Immunotherapy is changing the treatment landscape in pediatric cancers. Current advances in the field are building upon the success of blinatumomab and CD19-targeted CAR T cells in treating pediatric leukemia. The success of immunotherapy is largely based on the choice of target. Unlike ALL or CLL in which the tumor cells universally express CD19 or CD22, solid tumors rarely express tumor-specific antigens. It is more common to find a tumor-associated antigen (e.g. GD2, B7-H3, Her2, EGFR) where the antigen is enriched on tumors but is also expressed at low levels on normal tissues. Normal tissue expression carries the risk of on-target, off-tumor toxicities, which underscores the importance of finding a safe tumor-specific/associated antigen that is not expressed in vital tissues/organs. Recently, GPC2 is found to be highly expressed in neuroblastoma but has restricted expression in normal tissues except testis, appearing to be an optimal immunotherapeutic target. Moreover, activation of proto-oncogenes is a common theme in childhood cancers. Transcription factors (e.g. MYCN) compose the largest class of oncogenes identified in pediatric tumors. GPC2 is frequently overexpressed in MYCN-amplified neuroblastoma cells. The GPC2-targeted immunotherapeutic strategies have yielded impressive results in preclinical studies through stimulation of immune cells and inhibition of oncogenic pathway. Thus, it is desirable for immune targets to be involved in tumor growth/survival.
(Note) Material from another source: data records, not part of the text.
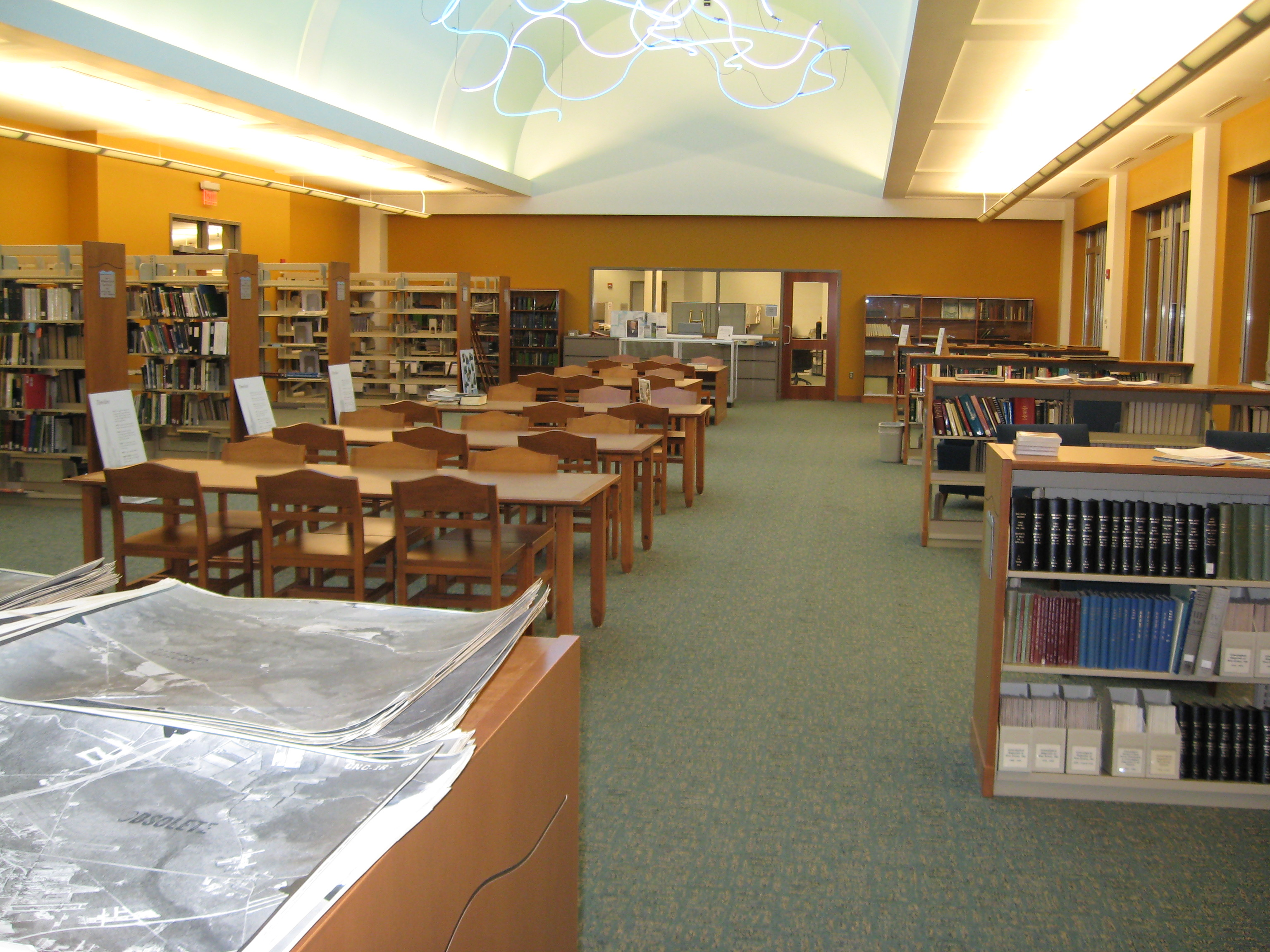 From the Toms River branch of the Ocean County Library, second floor, southern corner. The library has several areas intended for silent reading, this is the largest.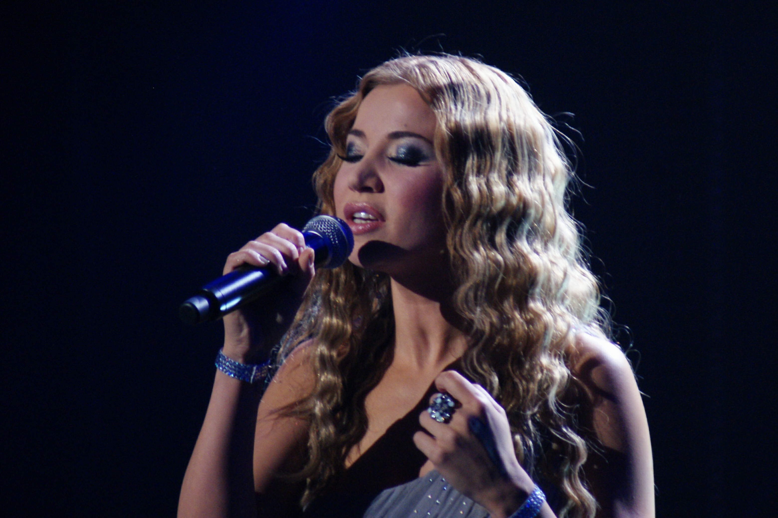 Polish singer Lidia Kopania performing "I Don't Wanna Leave" at the Piosenka dla Europy contest (2009)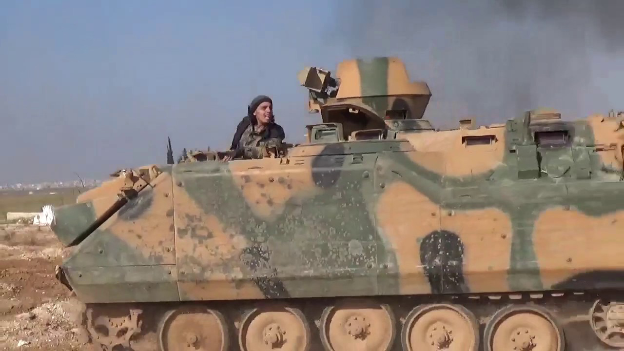 A Turkish ACV-15 operated by Free Syrian Army forces during the Battle of al-Bab in 2017.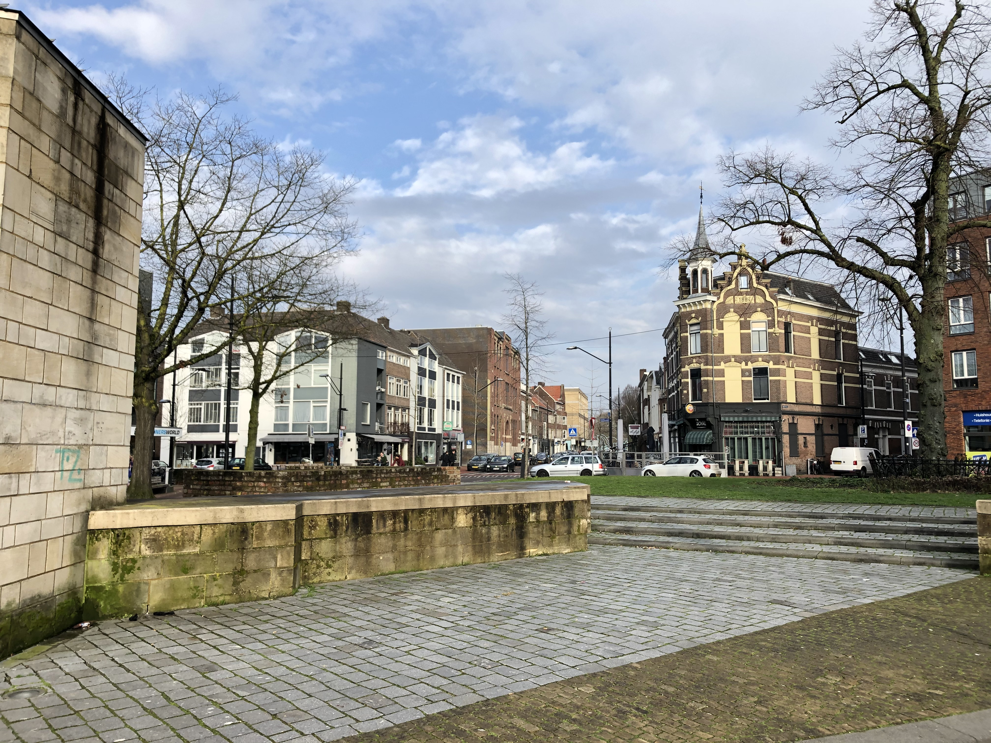 View of Hertogplein (Duke's square) in Nijmegen, the Netherlands. Photo taken in the direction of the Hertogstraat.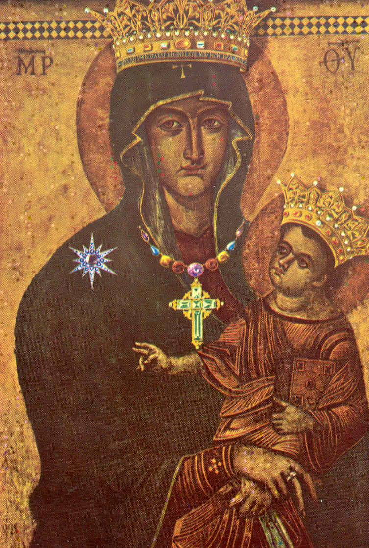 This is a rare photo of the Salus Populi Romani, crowned by Pius XII in 1953. After the renovation, the crown was deleted and is now in the museum of the sacristy of Saint Peter. The picture today in Rome exists therefore only without the crown.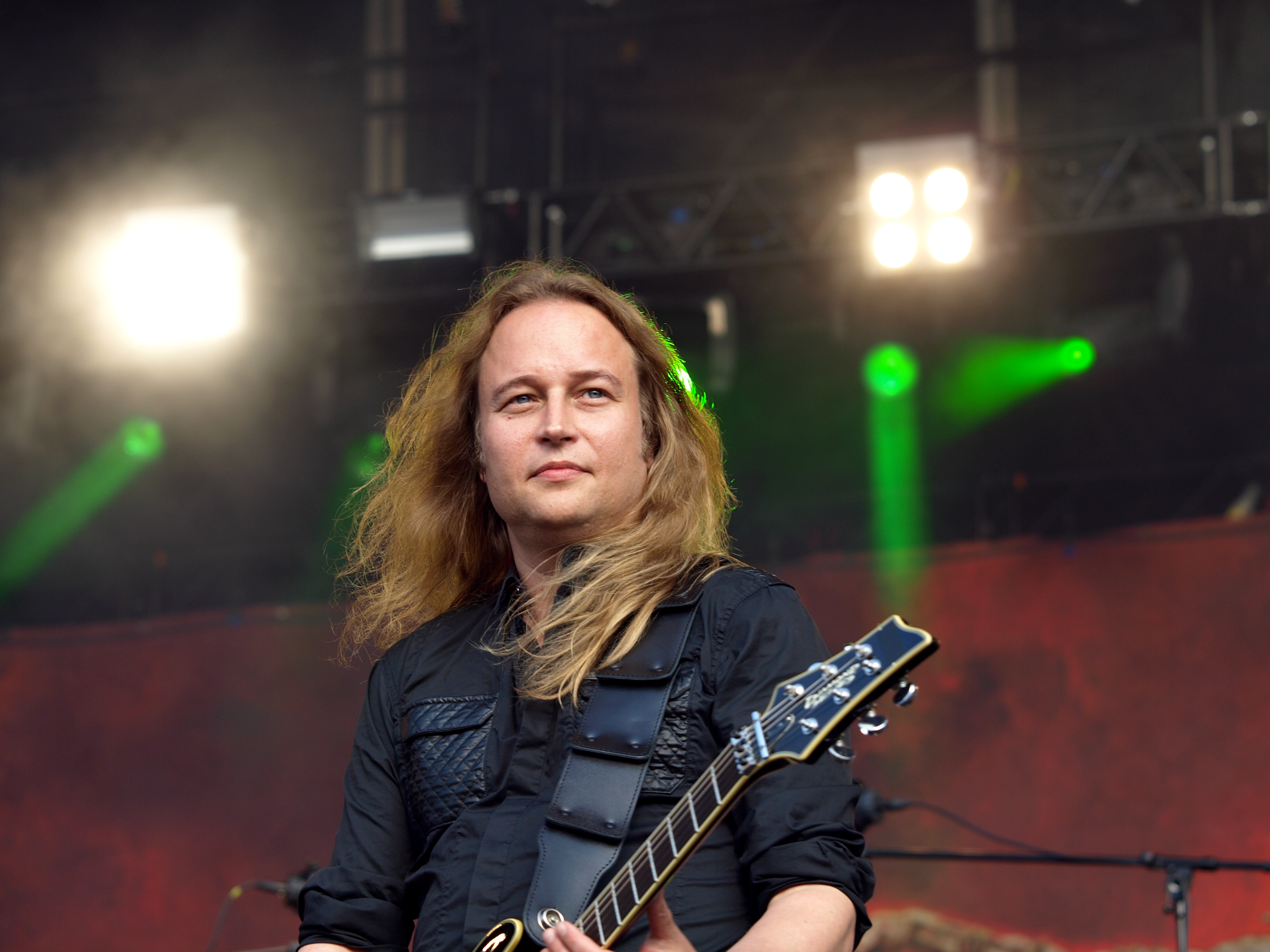 German thrash metal band Kreator live at Tuska Open Air 2013

Another major obstacle of immunotherapy in solid tumors is the immunosuppressive TME. Solid tumors are composed of infiltrating stromal cells and immune cells in addition to malignant cells. In pediatric cancer, tumor-associated macrophages and myeloid-derived suppressor cells (MDSCs) are two of the most prominent infiltrating cells. MDSCs produce immunosuppressive factors such as interleukin-10 (IL-10), prostaglandin E2, and TGF-β. To overcome these limitations, combination of adoptive T cell therapy with checkpoint blockade or depletion of suppressive factors in the TME have been explored in preclinical and early clinical studies. Recently, B7-H3 has been emerging as a potential therapeutic target that engages both tumor and stroma cells in the TME. The strategy that targets B7-H3 to destroy the dual-compartment in the TME is attractive for treating multiple childhood cancers as well as other adult solid tumors.

In the field of immunotherapy, the pediatric cancer cells can gain resistance to the monoclonal antibody by losing expression of the target antigen. This is also the case for resistance of CD19-targeted CAR T cells. In other cases, neutralizing antibodies have been identified against the therapeutic antibody, which reduce its pharmacokinetics and response. While it is challenging to develop a “magic bullet” solution to these obstacles, combination therapy targeting different antigens and/or distinct immunological mechanisms may provide more effective strategies, and ultimately will increase patient survival and improve life quality for children with cancer.